TRY IT
Each line from the one containing "Vörösréz szemes saru, vezeték" through the last line of the records is to be repeated exactly, with all pictures left out.

Records from a data collection

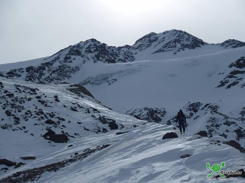 Wieder ein ewiger Hatsch, ich bin froh über die Ski. Wir starten früh am Morgen, wie gestern ist auch heute der Schnee bretthart, aber die Motivation ist riesig. Es gibt 2 verschiedene Aufstiegsvarianten von der Zufallhütte auf die östliche Veneziaspitze, für heute empfanden wir die obere als venünftiger. Diese führt auf Höhe der Marteller Hütte nach links, wobei man einen großen Hang quert, dann ein kleines Stück abfährt und am besten über den markannten Grat nach rechts in Richtung Veneziaspitze weitergeht. Am Ende des Grats halten wir uns linker Hand bis in eine kleine schmale Scharte, welche wir in Spitzkehren aufsteigen. Jetzt beginnt der Schranferner, ein flacher massiver Gletscher über den wir keine Spalten gesehen haben, der Schnee war weiterhin hart.
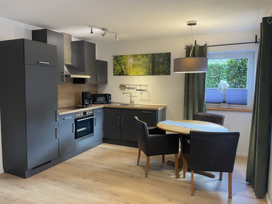 - Einbauküche (incl. Spülmaschine, Backofen, Herd, Kühlschrank mit Gefrierfach, Mikrowelle)
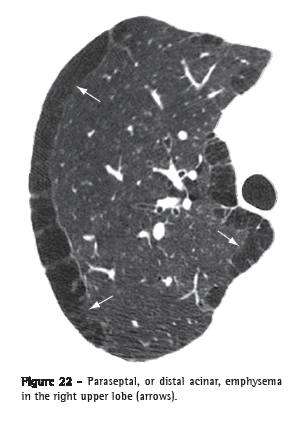 Paraseptal emphysema affects predominantly the distal alveoli and their ducts and sacs. It is characteristically delimited by any pleural surface or interlobular septa. On CT scans, it is characterized by areas of low attenuation in the subpleural and peribronchovascular regions, separated by intact interlobular septum (Figure 22).(37,38) It is sometimes associated with bullae.
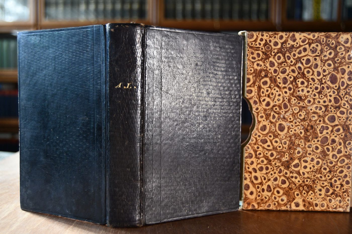 Format 17 x 11 cm, Leder mit Stegrandvergoldung und umlaufenden Goldschnitt im OSchuber
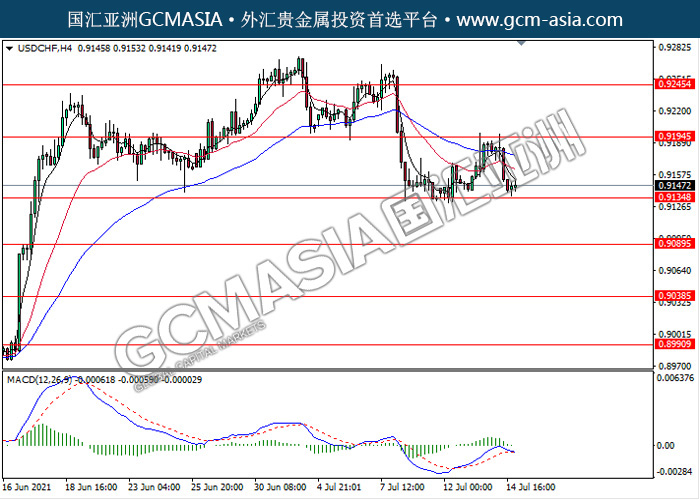 20210715 USDCHF-午间 by keyk | Jul 15, 2021 | 美元兑瑞士法郎 | 0 comments USDCHF,H4:美瑞近期高位承压回落,目前测试前期支撑。然而,MACD多头动能开始略减,若突破可继续看空为主。上方关注0.9195压力和0.9245压力,下方关注0.9135支撑和0.9090支撑。
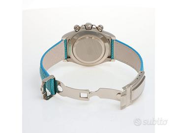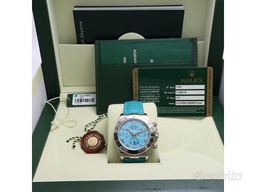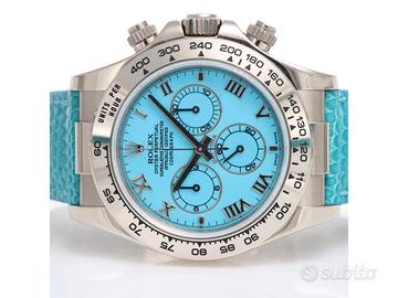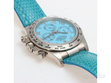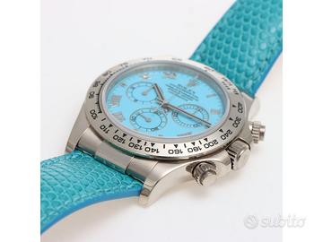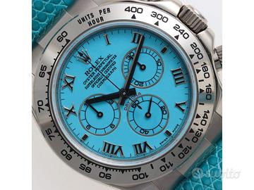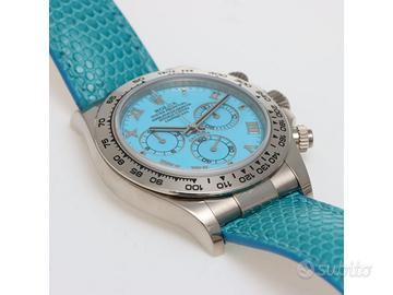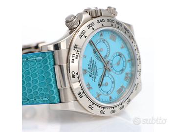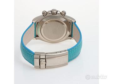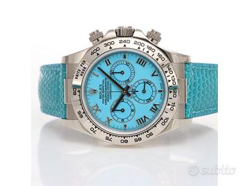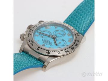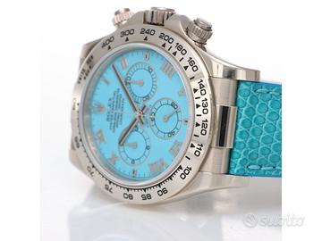 Clover Gioielli pone in vendita Rolex Daytona Beach Ref. 116519 realizzato in oro bianco, quadrante turchese, con numeri romani, cassa di diametro 40 mm, corona di carica a vite e pulsanti del crono a vite, lunetta in oro bianco con scala tachimetrica 400. Bracciale in pelle di colore blu con chiusura deployantè in oro bianco. Orologio in condizioni eccellenti mai lucidato. Unicon proprietario. Full Set. Garanzia Italiana datata 08/2009.
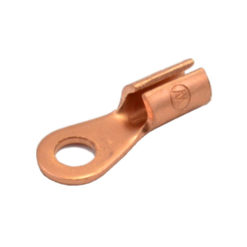 Vörösréz szemes saru, vezeték rögzítése préseléssel / forrasztással ajánlott. Alkalmazható vezeték keresztmetszet: max 2,5 mm2 - ig Furat átmérő: 4 mm Saru anyaga: vörösréz
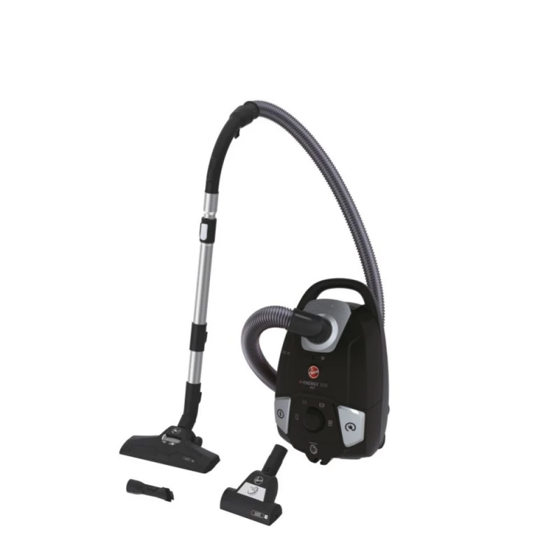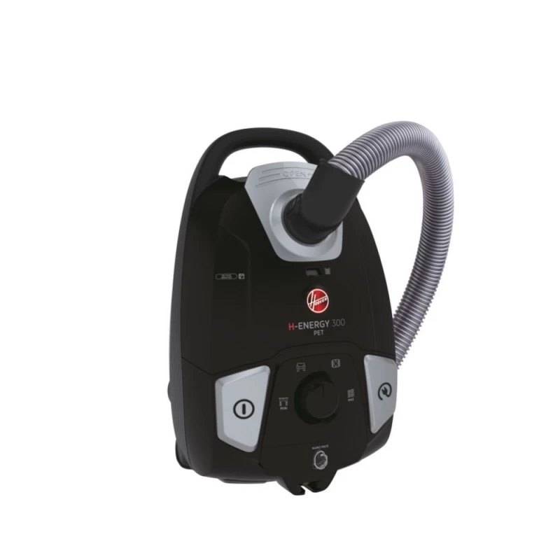Hoover H-ENERGY 300 HE320PET 011. Massima potenza in entrata: 850 W. Tipo: Aspiratore a cilindro, Tipo di pulizia: Secco, Tipo di contenitore della polvere: Sacchetto per la polvere, Capacità del contenitore: 3,5 L. Sistema di filtraggio dell’aspirapolvere: EPA, Metodo di separazione dello sporco: Filtro, Emissione acustica: 72 dB. Colore del prodotto: Nero
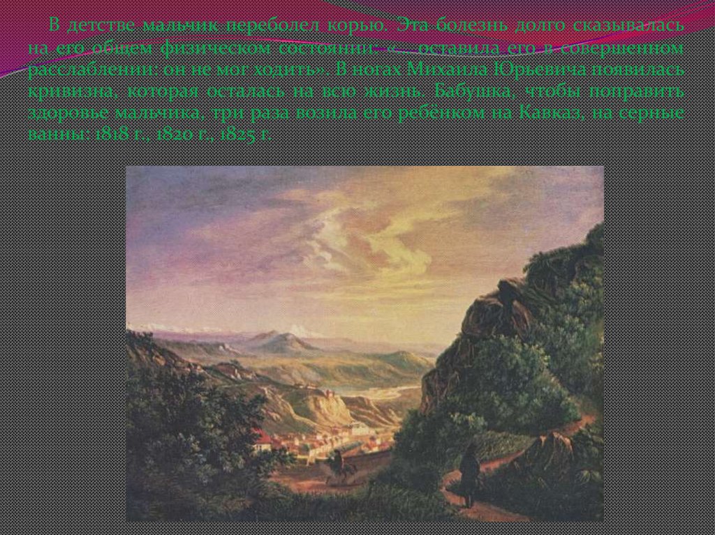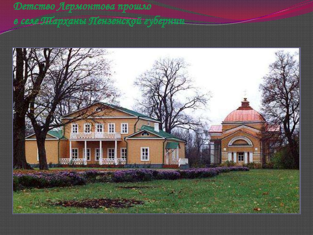 Детство Лермонтова прошлов селе Тарханы Пензенской губернии

OUTPUT OF THE EXERCISE
 Vörösréz szemes saru, vezeték rögzítése préseléssel / forrasztással ajánlott. Alkalmazható vezeték keresztmetszet: max 2,5 mm2 - ig Furat átmérő: 4 mm Saru anyaga: vörösréz
Hoover H-ENERGY 300 HE320PET 011. Massima potenza in entrata: 850 W. Tipo: Aspiratore a cilindro, Tipo di pulizia: Secco, Tipo di contenitore della polvere: Sacchetto per la polvere, Capacità del contenitore: 3,5 L. Sistema di filtraggio dell’aspirapolvere: EPA, Metodo di separazione dello sporco: Filtro, Emissione acustica: 72 dB. Colore del prodotto: Nero
 Детство Лермонтова прошлов селе Тарханы Пензенской губернии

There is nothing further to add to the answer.